You finally got the model trained. Now you want to “deploy” it. You wrapped it in a FastAPI web server because that’s what the “artificial intelligence” tutorials told you to do. Now your p99 latency is 450ms for a task that takes the GPU 15ms to compute.

Where is the time going? It’s going to the Global Interpreter Lock (GIL). It’s going to JSON serialization. It’s going to the context switch between the user-space Python process and the kernel-space network stack.

You’re using uvicorn with 4 workers, each loading a 10GB model into VRAM. You just ran out of memory again, didn’t you?
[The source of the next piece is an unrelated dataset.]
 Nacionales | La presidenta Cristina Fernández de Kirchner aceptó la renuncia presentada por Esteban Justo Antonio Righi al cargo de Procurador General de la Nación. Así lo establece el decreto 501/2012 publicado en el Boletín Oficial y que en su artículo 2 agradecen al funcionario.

Because you didn’t realize that each worker is a separate process with its own copy of the weights unless you’re using a shared memory segment or a model server that actually understands how to manage resources.
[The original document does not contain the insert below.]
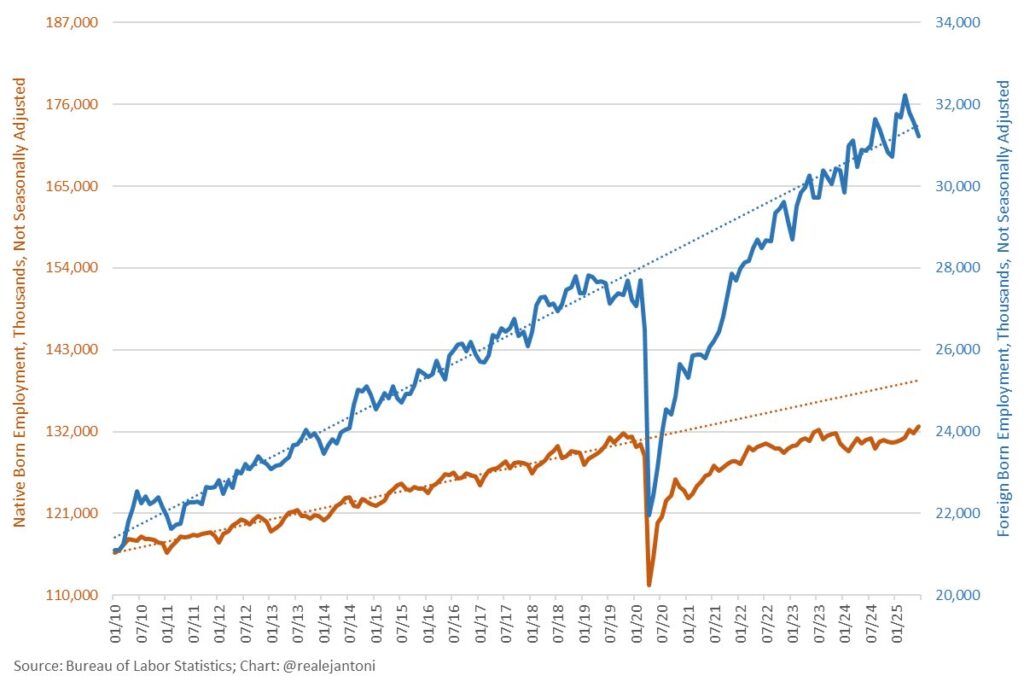 La Oficina de Estadísticas Laborales confirmó una fuerte caída del empleo de inmigrantes. A la par, hubo un aumento considerable del empleo nativo en áreas que siempre se nos dijo que ellos se negaban a hacer.

Best Practice: Move the Inference out of the Interpreter.
If you care about performance, you export to ONNX or TensorRT. You write a C++ or Rust wrapper. You use gRPC with protobuf instead of bloated JSON.
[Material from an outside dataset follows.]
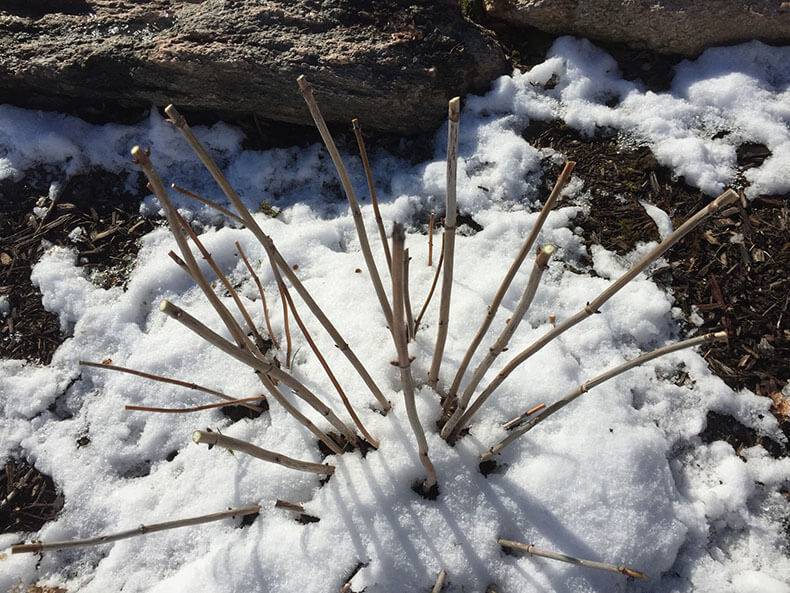Следователно, за по-голяма увереност, резитбата на едролистната хортензия се извършва, когато се появят пъпките. Това ще ви позволи да определите кои издънки не са оцелели през зимата и трябва да бъдат премахнати. Когато последният сняг се стопи, храстът се отваря внимателно, те му дават време да се изправи и след това започват да съкращават храста.

# See how much time you're wasting in syscalls:
strace -p <python_pid> -c

If I see select() or poll() taking up 40% of your execution time, I’m pulling the plug. “Artificial intelligence” doesn’t excuse sloppy systems engineering. You’re building a bridge out of toothpicks and wondering why it sways in the wind.

Log Entry 5: Determinism, Seeds, and the Ghost in the Machine

[2023-10-27T22:15:45+00:00]
State: seed=42 set, yet results differ across runs.
Environment: Multi-GPU training via DistributedDataParallel.

You came to me crying that your model isn’t reproducible. “But Jenkins, I set random.seed(42) and np.random.seed(42)!”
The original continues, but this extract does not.